How and when should you receive the Hepatitis A vaccine?

Vaccinations are the best way to prevent Hepatitis A. it is recommended for all children aged 12 months or even older, for people traveling to certain risky countries and also for people who are at high risk of infection with this virus.The hepatitis vaccine is provided as 2 shots , 6 months apart. This vaccine is also available in combined forms, i.e. containing both hepatitis A and Hepatitis B vaccine, which can be provided the people who are 18 years or above. This form is provided in 3 shots, over  period of 6 months or as 3 shots over 1 month and a booster shot at 1 year

Hepatitis Vaccination For Children:

Taking vaccine for Hepatitis A is much safer than receiving the disease. However, a vaccine, like any of the medicines, can possibly lead to few side effects.

The 1st dose shall be provided at 12 to 23 months old. Children that are not provided vaccine by 2 years of age could be given the vaccine at a later time.

Hepatitis Vaccination For Children

Hepatitis Vaccination For Travelers:

Hepatitis A vaccine is suggested for healthy people on international travel. They could be of age 12 months or above. The 1st dose of vaccine for Hepatitis A shall be taken as soon considering the travel. The shot called IG or Immune Globulin could be considered additionally besides the vaccine for Hepatitis A for the older adults, people that have chronic liver disease, immune-compromised people or other chronic medical condition who would travel within 2 weeks should definitely opt for the Hep Vaccination.

IG could be given without hepatitis A vaccine to travelers younger than 1 year. This variation can also be given to people who are allergic to a vaccine component or the ones that elect not to take the vaccine.

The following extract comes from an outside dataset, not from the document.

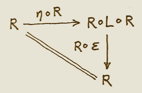 Here, m is the (endo-) functor corresponding to R∘L, and w is the (endo-) functor corresponding to L∘R. As we’ll see later, they are part of the definition of a monad and a comonad, respectively.

For others looking for Hepatitis Vaccination:

The vaccine series for Hepatitis A can be taken as soon as an individual is found to be at risk of the infection. These individuals include

  • Men that had or have sexual contacts with other men
  • People taking some illegal drugs in both forms injection and noninjections.
  • Family & caregivers prior to the arrival of the international adoptees
  • Individuals with lifelong chronic liver diseases
  • Individuals being treated with some clotting factor concentrate
  • Individuals working with animals infected with hepatitis A or in a research laboratory of hepatitis A

Some individuals should not be given the vaccine or should wait to get the Hepatitis vaccine:

  • People with severe or life threatening allergic reaction to a prior dose of hepatitis A vaccine shall not take another dose.
  • People with severe or life threatening allergy to some vaccine component shall not be given the vaccine. They should inform their doctor about any severe allergies.
  • People who are severely or moderately ill at the time when the shot is scheduled may also wait until recovery. They should consult their doctor or nurse. Individuals with a mild illness can take the vaccine.
  • Inform your doctor if you have a pregnancy. It has not been determined whether hepatitis A vaccine is safe for pregnant women however, there are no proofs that they are harmful to either unborn babies or pregnant women. If any risk exists, it is anticipated to be very low.